Bajé del auto, yo también, es lo que se estila.
–Señor –digo–. Mi nombre es Xorg, soy un extraterrestre, habito en el planeta Xiburg, en la galaxia de Nímedes. Es mi primer semana en la tierra, y es justamente por eso que aún no domino los precarios mecanismos de los vehículos que ustedes, los terrícolas, utilizan para desplazarse por su algo roñoso planeta. Acepte mis extraterrestres disculpas.
–¡Pelotudo! –dice el hombre, da un saltito, lanza una furibunda escupida, gesticula, señala– ¡Pedazo de pelotudo! Lo abollaste, pelotudo. ¿Por qué no frenaste, no sabés frenar?
–Tiene razón, caballero, tiene razón –niego con la cabeza, sonrío, le palmeo cariñosamente un hombro–. Le cuento la verdad, porque parece usted un buen hombre. Pero apelo a su discreción, son temas de máxima seguridad nacional. No soy un extraterrestre, es verdad, lo admito. Soy un gorila, un mono, como los que usted de seguro ha visto por televisión o en algún zoológico. Han inventado una nueva droga, una droga que permite hablar a los animales. La están probando con nosotros, gorilas y chimpancés, primero, y va perfecto. Pero en breve comenzará a distribuirse al resto de la fauna. Imagínese usted, poder conversar con una cebra, saber qué siente cuando la persigue un león. Preguntarle a un elefante cuánto tiempo le lleva bañarse o si le duelen las piernas después de tantas horas parado. Discutir sobre cuál sería el mejor sistema de gobierno con un cocodrilo, poder pedirle a una jirafa que te recomiende un natural laxante.
Cambió el semáforo. Algunos curiosos miraban. Sonaban, desde atrás, bocinas.

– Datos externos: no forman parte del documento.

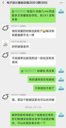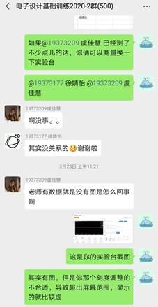 姜越19373712:这一次的实验课,我从最初的手忙脚乱、满头雾水,到后来能够迅速地调试设备、生成波形、记录数据,再到最后顺利完成报告,离不开老师与助教的帮助。他们精心地为我们准备了大量材料以及问题反馈,他们每天在微信群实时答疑提供帮助,尤其在我的设备低频无显示的时候他们耐心地给我提供了许多解决方案,使我最终能够完成实验任务。我们每个人的实验只有几小时,但是张老师却每天都在实验室为我们保驾护航,非常感谢老师与助教的辛勤付出,我很期待下一次的实验课!
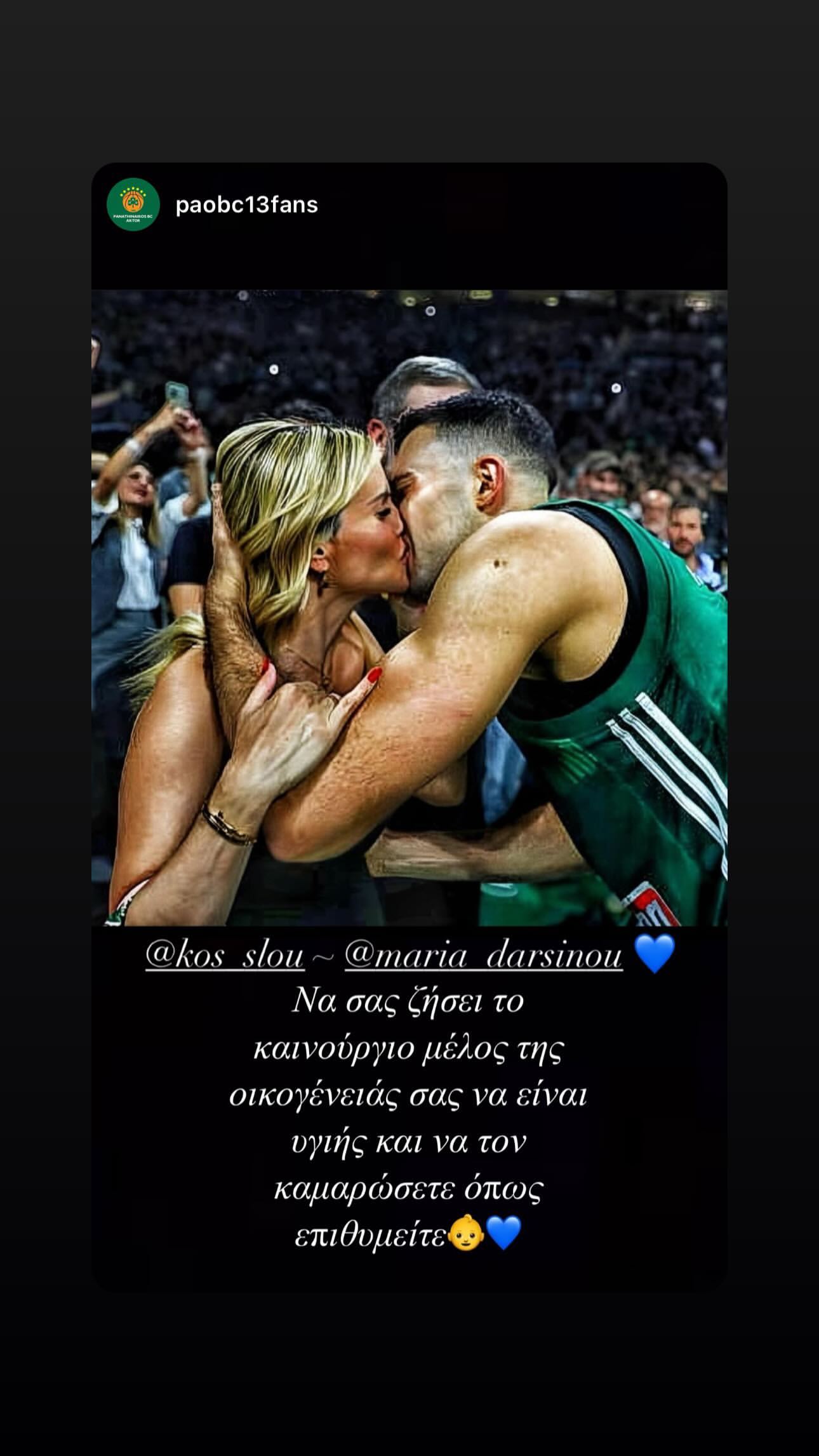 Η ευχάριστη είδηση έγινε γνωστή μέσα από το Instagram όπου η ευτυχισμένη μανούλα αναδημοσίευσε story με ευχές που δέχτηκε από φίλους του Παναθηναϊκού.
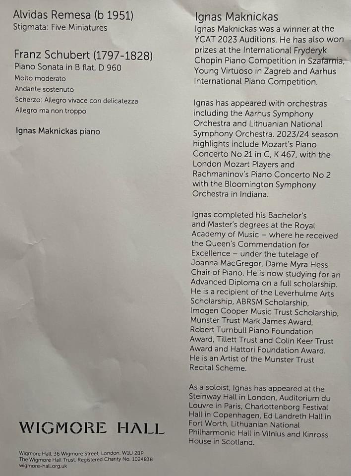 Ignas came out triumphantly …….But no it was Schubert that came out triumphantly – Ignas was simply the medium between us and the composer!There can be no greater compliment than that for a debut recital!
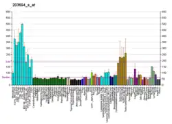 - Beausoleil SA, Jedrychowski M, Schwartz D, et al. (2004). "Large-scale characterization of HeLa cell nuclear phosphoproteins". Proc. Natl. Acad. Sci. U.S.A. 101 (33): 12130–5. Bibcode:2004PNAS..10112130B. doi:10.1073/pnas.0404720101. PMC 514446. PMID 15302935.
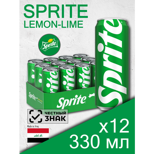 Sprite Lemon-Lime, 0.33 л, алюминиевая банка, 12 шт — газированный напиток Спрайт Лимон-Лайм, производство Ирак.
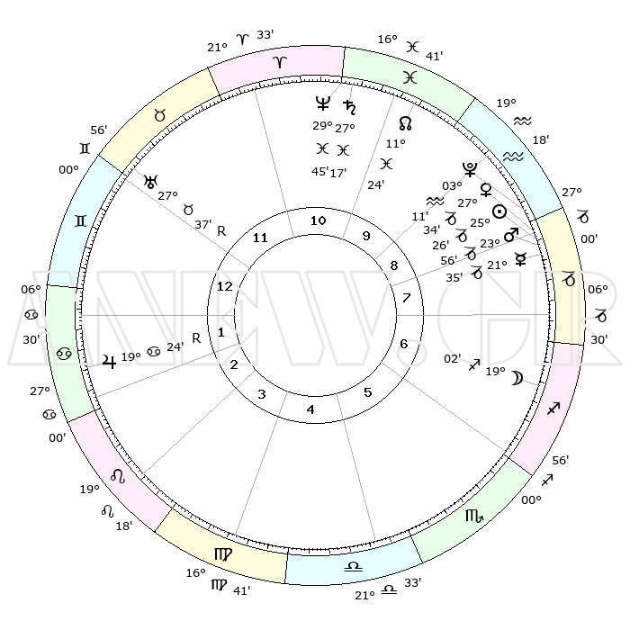 | | ΘΕΣΕΙΣ ΠΛΑΝΗΤΩΝ ΑΣΤΡΟΛΟΓΙΚΟΥ ΧΑΡΤΗ ΤΗΣ ΣΤΙΓΜΗΣ ΑΥΤΗΣ | | | | Πλανήτης | Ζώδιο | Μοίρες | Δεκαήμ. | Σε οίκο | Απόκλιση | | Ακμές των οίκων | | Ηλιος | Αιγόκερως | 25°22' | Τρίτο | 8 | 21 S 04 | | 1ος | 14°53' | Δίδυμοι | | Σελήνη | Τοξότης | 18°16' | Δεύτερο | 7 | 27 S 58 | | 2ος | 07°10' | Καρκίνος | | Ερμής | Αιγόκερως | 21°29' | Τρίτο | 8 | 23 S 31 | | 3ος | 28°23' | Καρκίνος | | Αφροδίτη | Αιγόκερως | 27°29' | Τρίτο | 8 | 21 S 38 | | 4ος | 22°35' | Λέων | | Αρης | Αιγόκερως | 23°54' | Τρίτο | 8 | 22 S 17 | | 5ος | 23°47' | Παρθένος | | Δίας | Καρκίνος | 19°25'R | Δεύτερο | 2 | 22 N 18 | | 6ος | 03°54' | Σκορπιός | | Κρόνος | Ιχθείς | 27°17' | Τρίτο | 11 | 03 S 07 | | 7ος | 14°53' | Τοξότης | | Ουρανός | Ταύρος | 27°37'R | Τρίτο | 12 | 19 N 26 | | 8ος | 07°10' | Αιγόκερως | | Ποσειδώνας | Ιχθείς | 29°45' | Τρίτο | 11 | 01 S 19 | | 9ος | 28°23' | Αιγόκερως | | Πλούτωνας | Υδροχόος | 03°10' | Πρώτο | 9 | 23 S 08 | | 10ος | 22°35' | Υδροχόος | | Β. Δεσμός | Ιχθείς | 11°24' | Δεύτερο | 10 | 07 S 17 | | 11ος | 23°47' | Ιχθείς | | Ωροσκόπος | Δίδυμοι | 14°53' | Δεύτερο | | | 12ος | 03°54' | Ταύρος | | Μεσουράνημα | Υδροχόος | 22°35' | Τρίτο | | | |
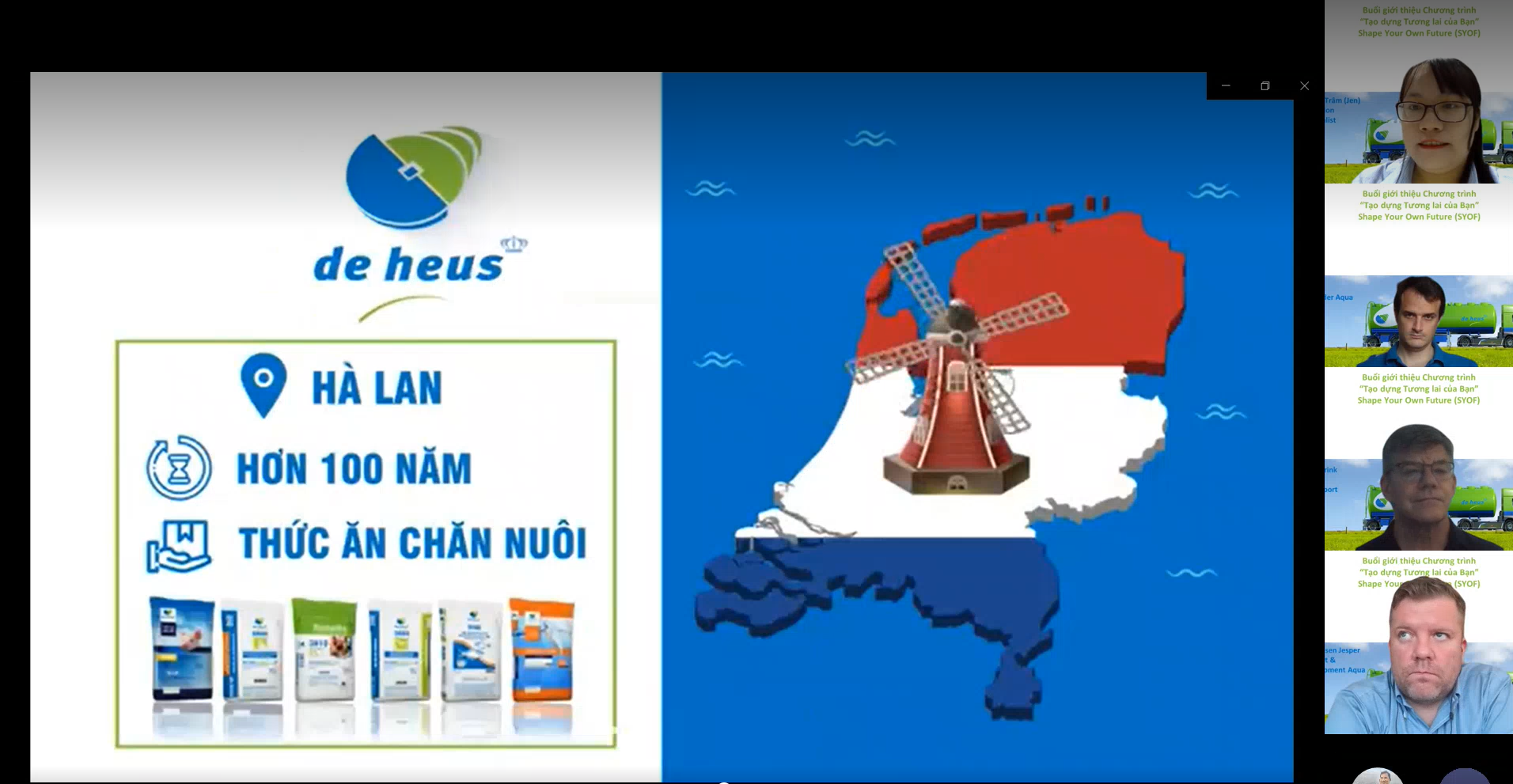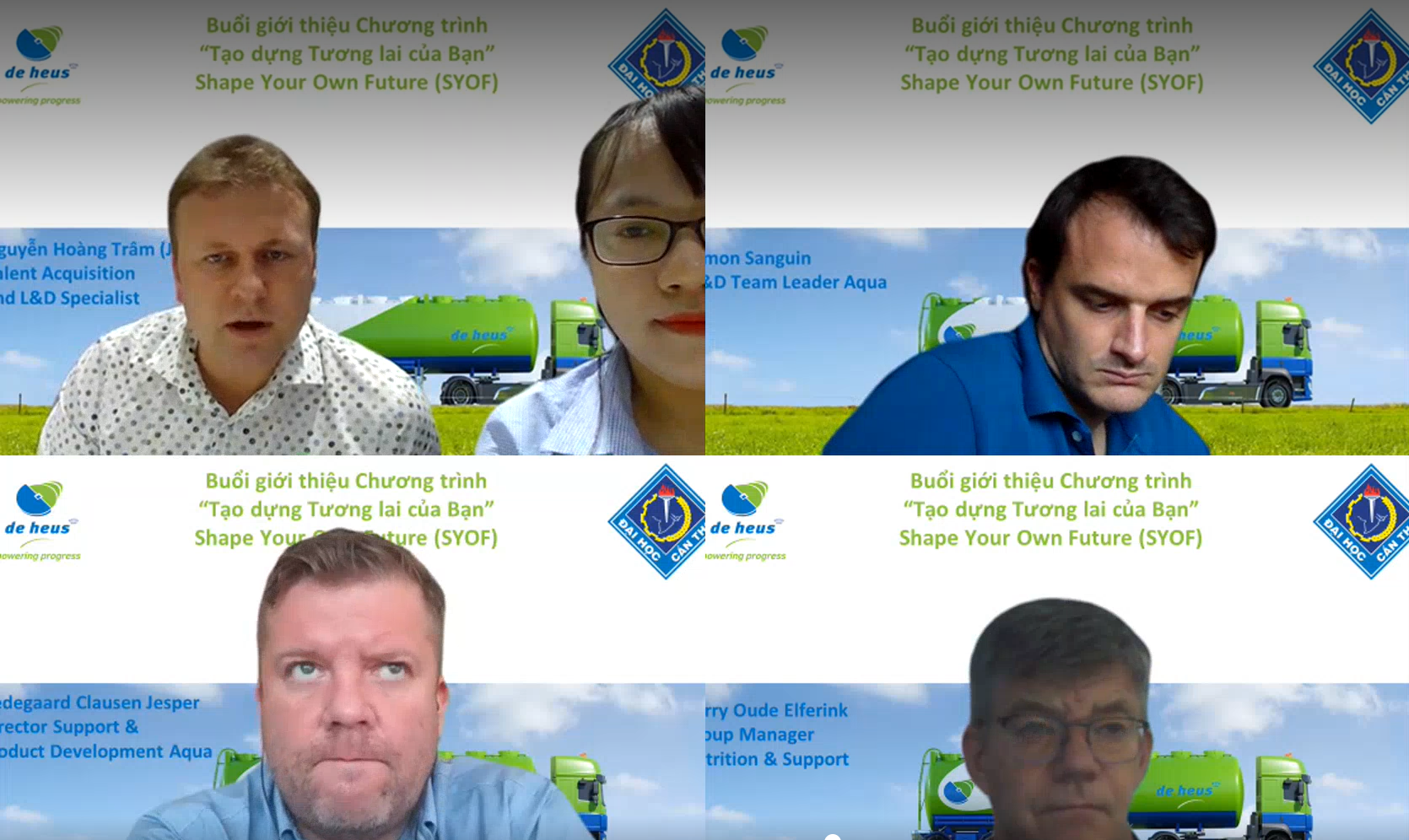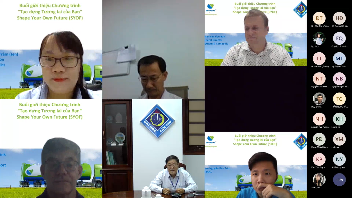 Ngày 3/12/2021, Công ty De Heus đã phối hợp với Trường Đại học Cần Thơ tổ chức giới thiệu Chương trình “Tạo dựng Tương lai của Bạn – Shape Your Own Future (SYOF)”. Sự kiện trực tuyến diễn ra trong bối cảnh dịch Covid còn diễn biến phức tạp, mở đầu buổi giao lưu không khí thật trang trọng, ấm áp với sự tham dự của Quý Thầy Cô Ban Giám hiệu, Ban Chủ nhiệm, giảng viên chuyên môn Khoa Nông Nghiệp và Khoa Thủy sản, hòa cùng sự háo hức, chào đón của các bạn Sinh viên Đại học Cần Thơ. Về phía Công ty De Heus, Chương trình cũng rất hân hạnh khi được sự tham dự của anh Johan (Tổng Giám đốc Việt Nam & Campuchia), Quý Anh/Chị Quản lý Trưởng khối Dinh dưỡng - Hỗ trợ, Kinh doanh, Kỹ thuật, Trại nghiên cứu, Marketing, Phát triển bền vững, IT cùng thành viên đội dự án SYOF đã góp phần giúp buổi giao lưu thêm thành công tốt đẹp.
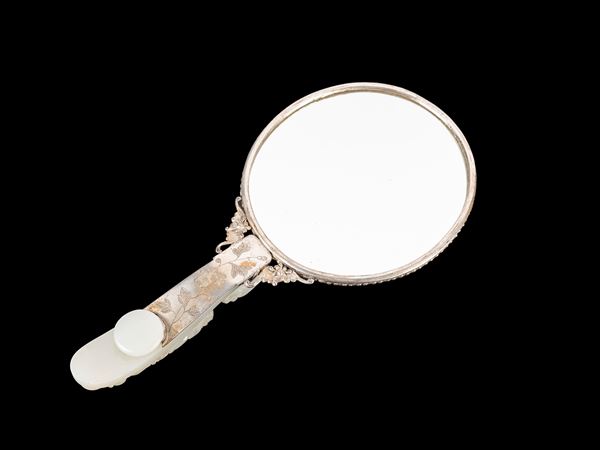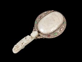 With a pierced relief dragon decoration on the handle and a low-relief engraved scene of figures in a landscape on the plaque. The edge on the back of the mirror is decorated with babao motifs and semi-precious stones.

–¡Pelotudo! –el hombre no sólo había escupido, se le había formado una especie de burbujeante espuma alrededor de la boca, como si se fuera a afeitar con su propia saliva. Daba unos curiosos saltitos, movido por eléctricas descargas de odio puro, le temblaba un párpado– ¡Las ópticas! ¿Sabés lo que cuestan las ópticas importadas? ¡Boludo!
Retrocedí un paso. Lo medí.
–Mirá –dije–. Me importa un pomo tu triste auto. Si me volvés a hablar te pongo de una, viejo forro. Ahora te doy los datos del seguro, no rompas más las pelotas.
La gente suele carecer de la necesaria predisposición para las situaciones de carácter paranormal, vivencias de extraordinaria naturaleza. Después dicen que nunca les sucede nada diferente, después se quejan de la rutina.